DETAILED DESCRIPTION OF THE INVENTION
[0024] Those skilled in the art will be aware that the present disclosure is subject to variations and modifications other than those specifically described. It is to be understood that the present disclosure includes all such variations and modifications. The disclosure also includes all such steps, features, compositions, and compounds referred to or indicated in this specification, individually or collectively, and any and all combinations of any or more of such steps or features.
Definitions
[0025] For convenience, before further description of the present disclosure, certain terms employed in the specification, and examples are delineated here. These definitions should be read in the light of the remainder of the disclosure and understood as by a person of skill in the art. The terms used herein have the meanings recognized and known to those of skill in the art, however, for convenience and completeness, particular terms and their meanings are set forth below.

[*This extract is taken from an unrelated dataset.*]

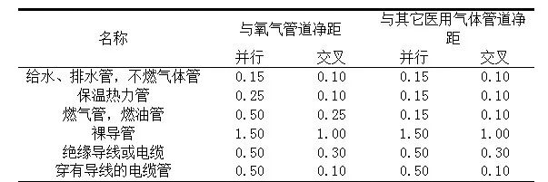 医用气体管道与其他管道之间的最小间距应符合下表2规定。无法满足时应采取适当隔离措施。

[0026] The articles“a”,“an” and“the” are used to refer to one or to more than one (i.e., to at least one) of the grammatical object of the article.
[0027] The terms“comprise” and“comprising” are used in the inclusive, open sense, meaning that additional elements may be included. It is not intended to be construed as “consists of only”.
[0028] Throughout this specification, unless the context requires otherwise the word “comprise”, and variations such as“comprises” and“comprising”, will be understood to imply the inclusion of a stated element or step or group of element or steps but not the exclusion of any other element or step or group of element or steps.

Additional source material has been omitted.